Они с Джоном договорились, что переедут на Литту и будут жить там, но она надеялась, что это произойдет только через несколько лет. Она предвкушала, как еще поживет в Глазго, в той квартире, которую он снимал, как будет для него готовить, как они иногда будут вечером ходить в паб, как они будут вместе читать, как они по выходным будут подолгу валяться в постели, наслаждаясь любовью друг друга.
Однако Катрина забеременела гораздо раньше, чем рассчитывала, — всего через месяц после свадьбы. Она хотела какое-то время пить таблетки, но Джону эта идея не понравилась: он сказал, что это опасно и поощряет беспорядочные половые связи.
— Беспорядочные половые связи? — удивилась она. — Ты серьезно?

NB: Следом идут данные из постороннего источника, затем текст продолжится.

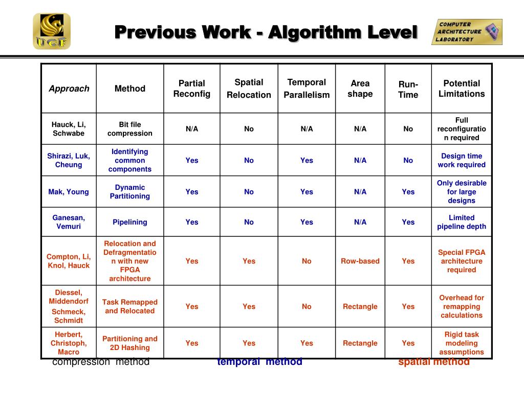 Previous Work - Algorithm Level compression methodtemporal methodspatial method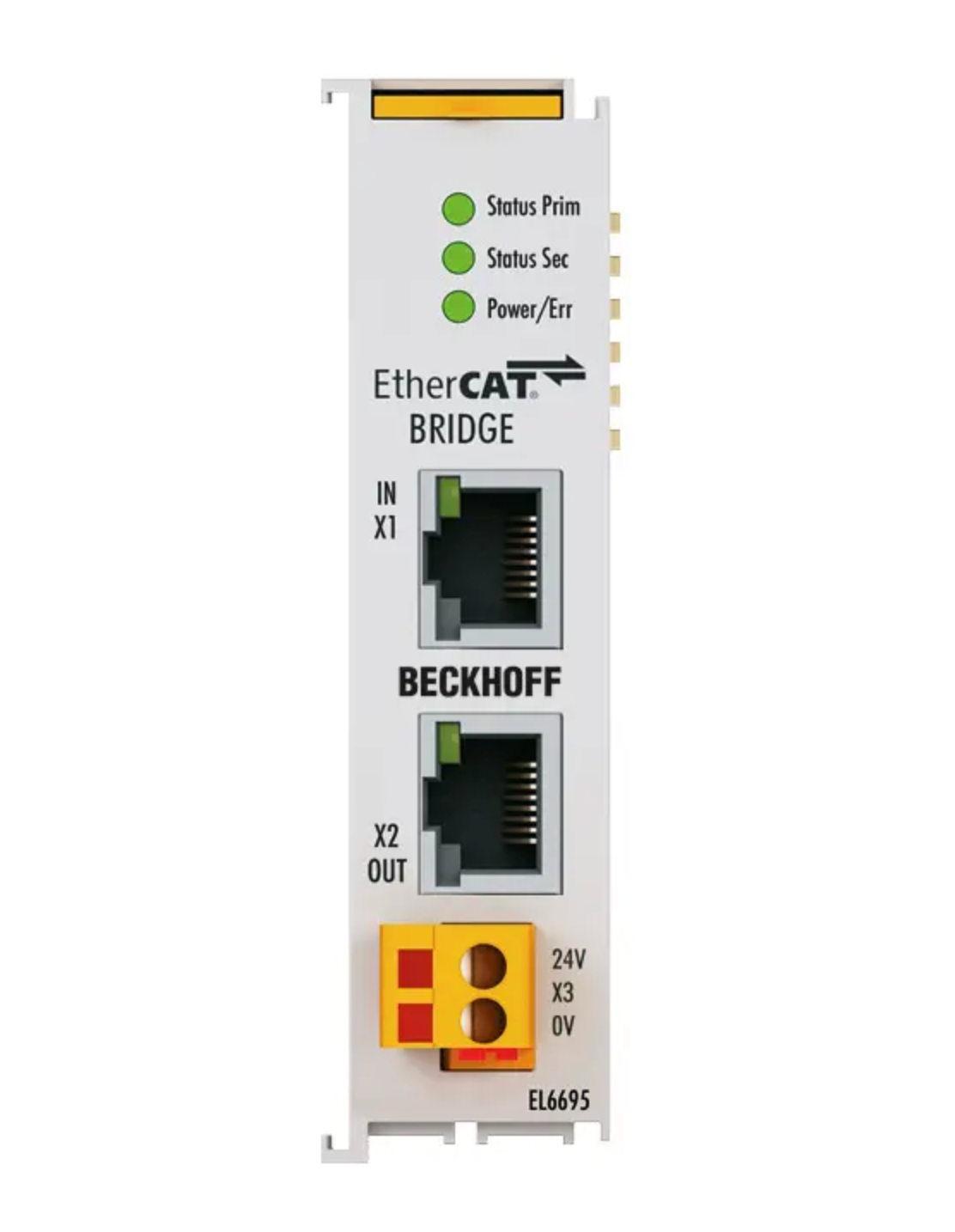Die EtherCAT-Bridge-Klemme EL6695 ermöglicht den Echtzeit-Datenaustausch zwischen EtherCAT-Strängen und unterschiedlichen Mastern. Auch die asynchrone Kommunikation über AoE, FoE, EoE, VoE usw. wird unterstützt. Die Synchronisierung der Distributed Clocks ist in beide Richtungen möglich. Die EL6695 hebt sich von der weiterhin verfügbaren EL6692 durch flexible CoE-Konfiguration und einer deutlichen Steigerung des Datendurchsatzes ab. Eine komfortable Konfigurationsoberfläche im TwinCAT System Manager steht wie bei der EL6692 zur Verfügung. Die Spannungsversorgung der Sekundärseite (RJ45) erfolgt über einen externen Anschluss, die Primärseite wird über den E-Bus gespeist. Die Bridge-Klemme kann auch verwendet werden, um ein unterlagertes PC-System als EtherCAT-Slave einzubinden.

— Я имел в виду в принципе. А не конкретно тебя.
— Ина том спасибо, — ответила Катрина.
Он засмеялся и обнял ее:
— Побочные эффекты, любовь моя. Они могут быть очень опасными. Разве ты мне в этом не доверяешь? Я обо всем позабочусь, обещаю.
Катрина решила не спорить. И действительно, обычно Джон вынимал раньше, чем кончал, но не всегда. Катрина перестала ему об этом напоминать. Он говорил, что это разрушает момент, и иногда от этого злился. Женщина не должна указывать мужчине, что делать в такой момент. Теперь Катрина поняла, как болезненно он относился к некоторым вещам. Но за это, за эту его уязвимость в самой сердцевине, она полюбила его еще больше. За многое из этого в ответе была мама Джона, как ни мало он о ней рассказывал. Катрина приняла молчаливое решение оберегать его чувства, насколько возможно. Он больше не один — она за ним присмотрит.
В любом случае Катрина не могла слишком сильно огорчаться по поводу беременности, тем более что Джон был так счастлив. Да и какая женщина не обрадуется, узнав, что носит ребенка своего мужа?
Джон сказал, что они могут оставаться на большой земле, пока ребенок не родится, но после этого пора будет уже переезжать. Он уже подыскал дом на Литте и собирался устроиться работать бухгалтером в Обане. Он намеревался работать там несколько дней в неделю, добираясь туда на пароме, если позволит погода, и жить в съемной квартире на большой земле, если будет нужно. Он все спланировал. Сознавая собственное вероломство, Катрина втайне надеялась, что он не найдет работу в Обане прямо сейчас и им придется еще немного подождать. Но как Джон сам говорил, он был удачлив во всех своих начинаниях — Катрина уже привыкла считать это частью его натуры, своего рода золотой жилой в камне, — и его взяли в фирму в Обане всего за неделю до того, как подошел срок.
Поэтому через шесть недель после рождения Никки они переехали на остров, хотя Катрина еще была окутана туманом усталости и стресса.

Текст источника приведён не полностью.